◆ WORK ITEM
Reproduce the records that follow exactly; any picture among them stays out.
* * * * *
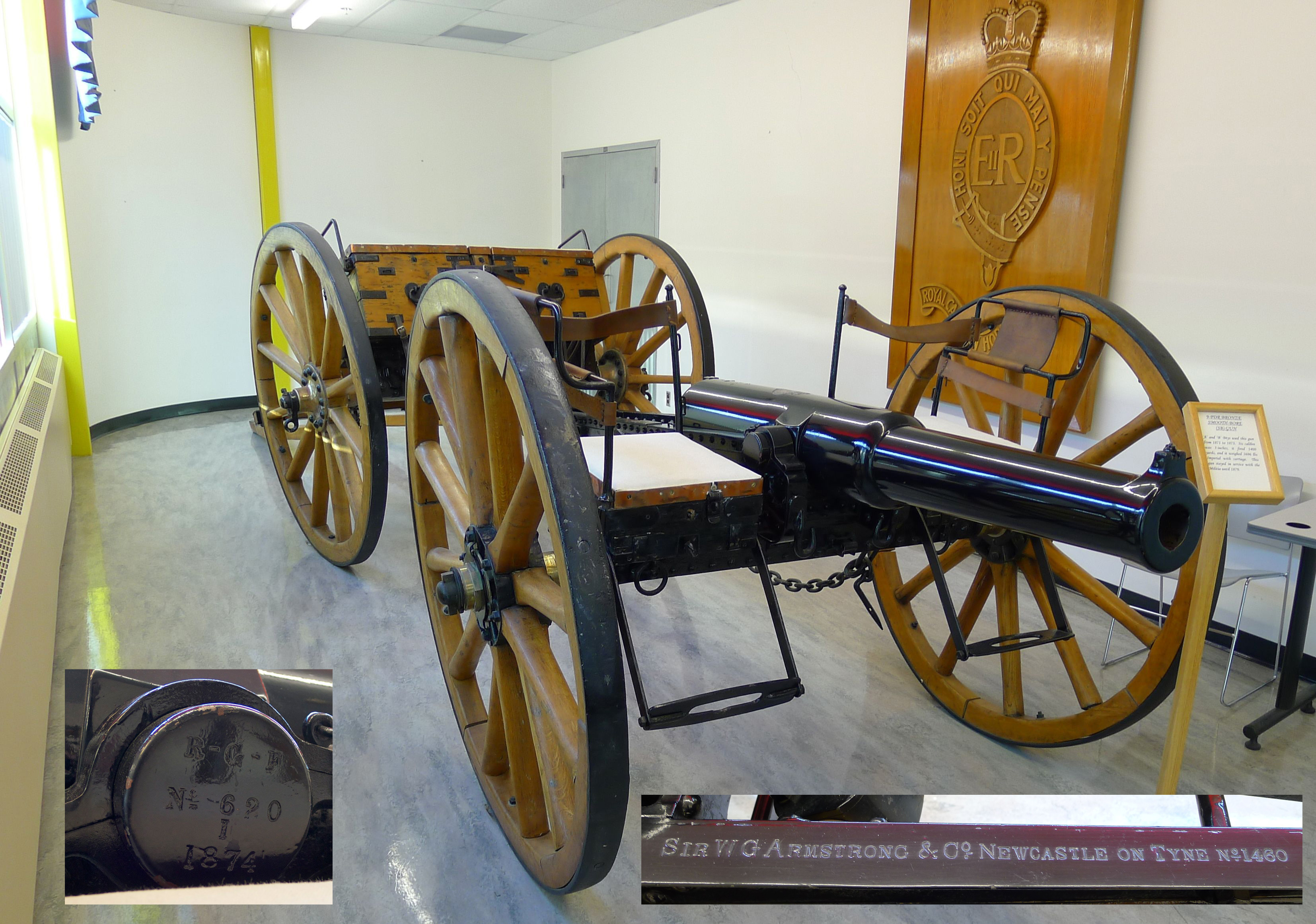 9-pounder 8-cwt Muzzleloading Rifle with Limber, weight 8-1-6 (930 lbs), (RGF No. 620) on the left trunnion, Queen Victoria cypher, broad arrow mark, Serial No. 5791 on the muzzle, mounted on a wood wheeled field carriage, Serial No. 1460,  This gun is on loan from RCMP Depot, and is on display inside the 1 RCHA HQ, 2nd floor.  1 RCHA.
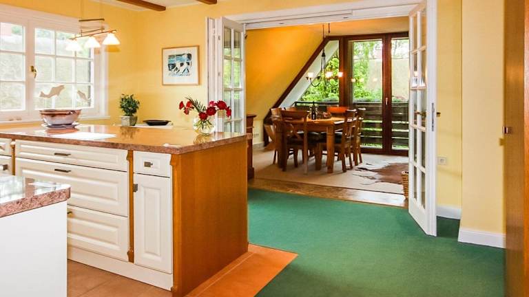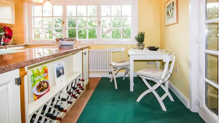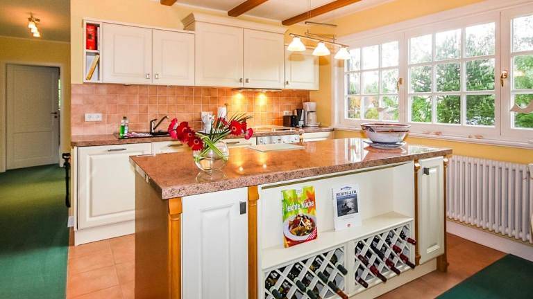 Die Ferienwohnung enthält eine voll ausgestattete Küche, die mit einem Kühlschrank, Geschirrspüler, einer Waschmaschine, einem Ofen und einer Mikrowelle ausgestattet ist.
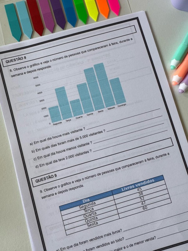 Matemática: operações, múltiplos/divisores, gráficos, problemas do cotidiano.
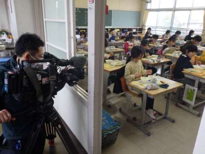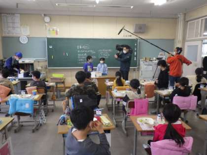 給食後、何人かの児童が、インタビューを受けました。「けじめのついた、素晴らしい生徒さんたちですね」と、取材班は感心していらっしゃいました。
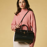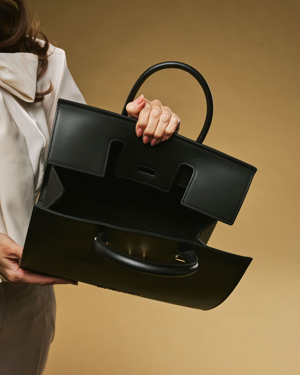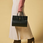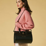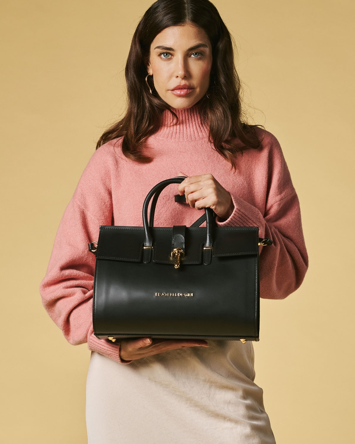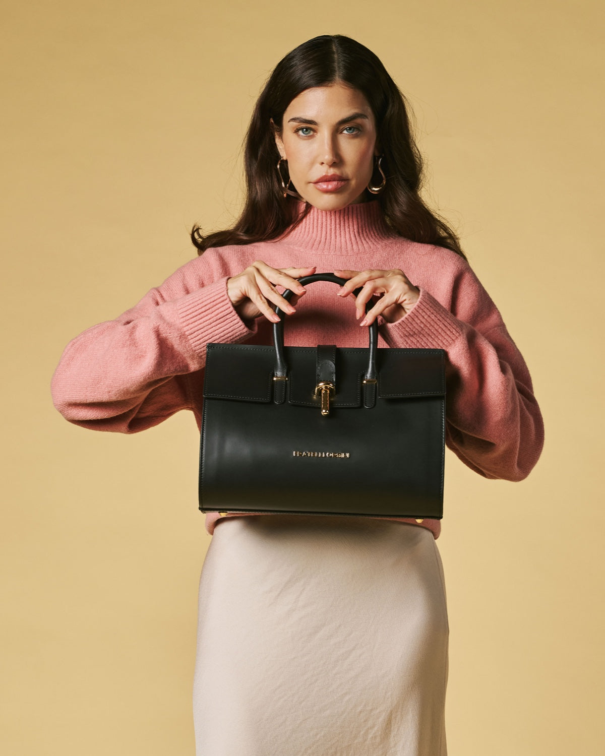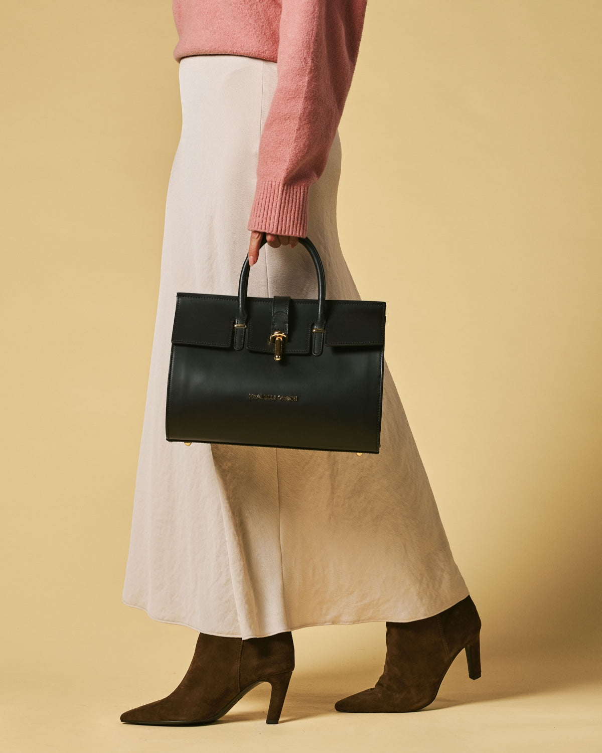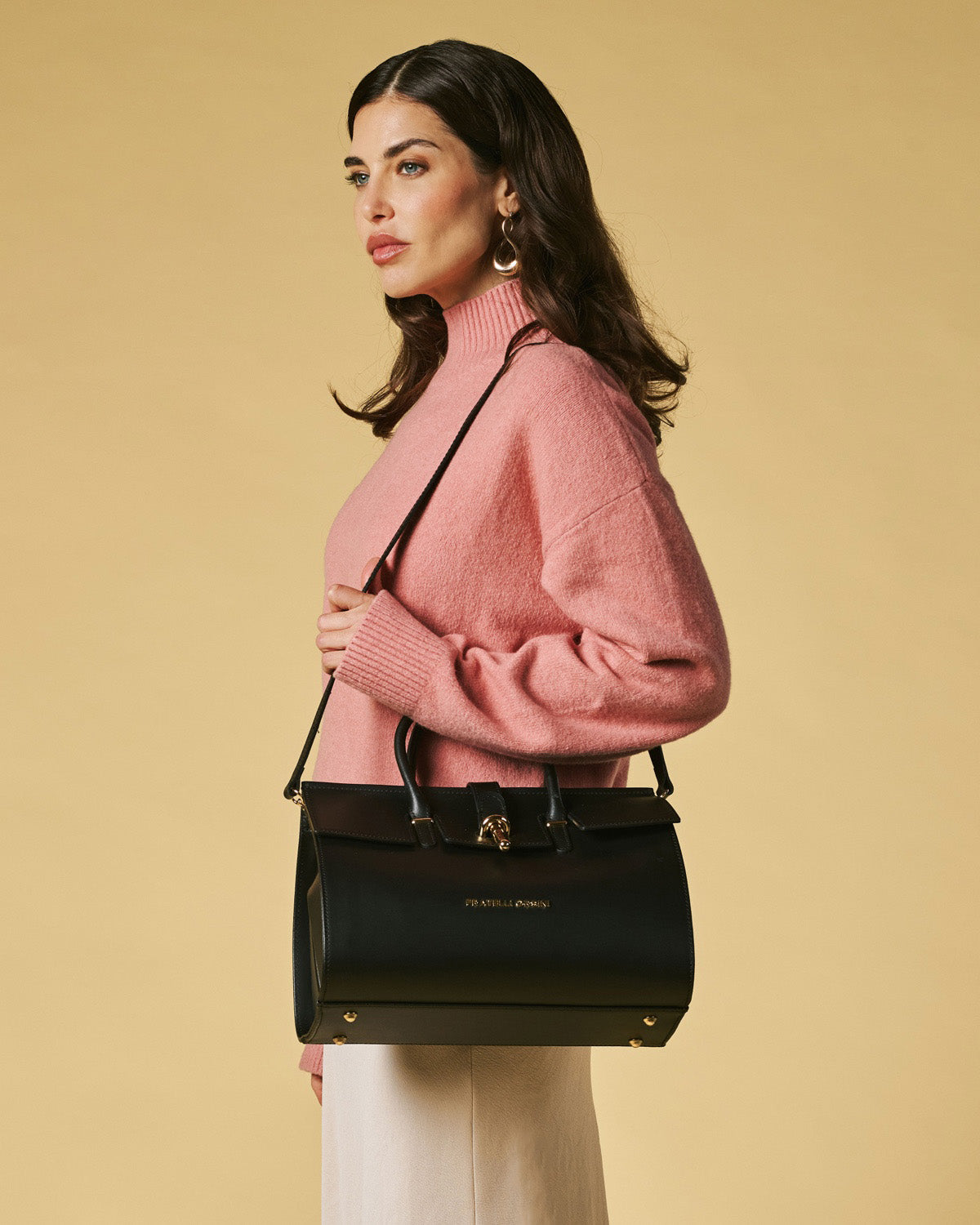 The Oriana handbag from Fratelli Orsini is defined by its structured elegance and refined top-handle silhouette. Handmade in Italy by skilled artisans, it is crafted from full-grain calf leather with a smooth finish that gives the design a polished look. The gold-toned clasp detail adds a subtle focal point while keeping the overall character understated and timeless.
* * * * *
◆ FINISHED TASK
 9-pounder 8-cwt Muzzleloading Rifle with Limber, weight 8-1-6 (930 lbs), (RGF No. 620) on the left trunnion, Queen Victoria cypher, broad arrow mark, Serial No. 5791 on the muzzle, mounted on a wood wheeled field carriage, Serial No. 1460,  This gun is on loan from RCMP Depot, and is on display inside the 1 RCHA HQ, 2nd floor.  1 RCHA.
 Die Ferienwohnung enthält eine voll ausgestattete Küche, die mit einem Kühlschrank, Geschirrspüler, einer Waschmaschine, einem Ofen und einer Mikrowelle ausgestattet ist.
 Matemática: operações, múltiplos/divisores, gráficos, problemas do cotidiano.
 給食後、何人かの児童が、インタビューを受けました。「けじめのついた、素晴らしい生徒さんたちですね」と、取材班は感心していらっしゃいました。
 The Oriana handbag from Fratelli Orsini is defined by its structured elegance and refined top-handle silhouette. Handmade in Italy by skilled artisans, it is crafted from full-grain calf leather with a smooth finish that gives the design a polished look. The gold-toned clasp detail adds a subtle focal point while keeping the overall character understated and timeless.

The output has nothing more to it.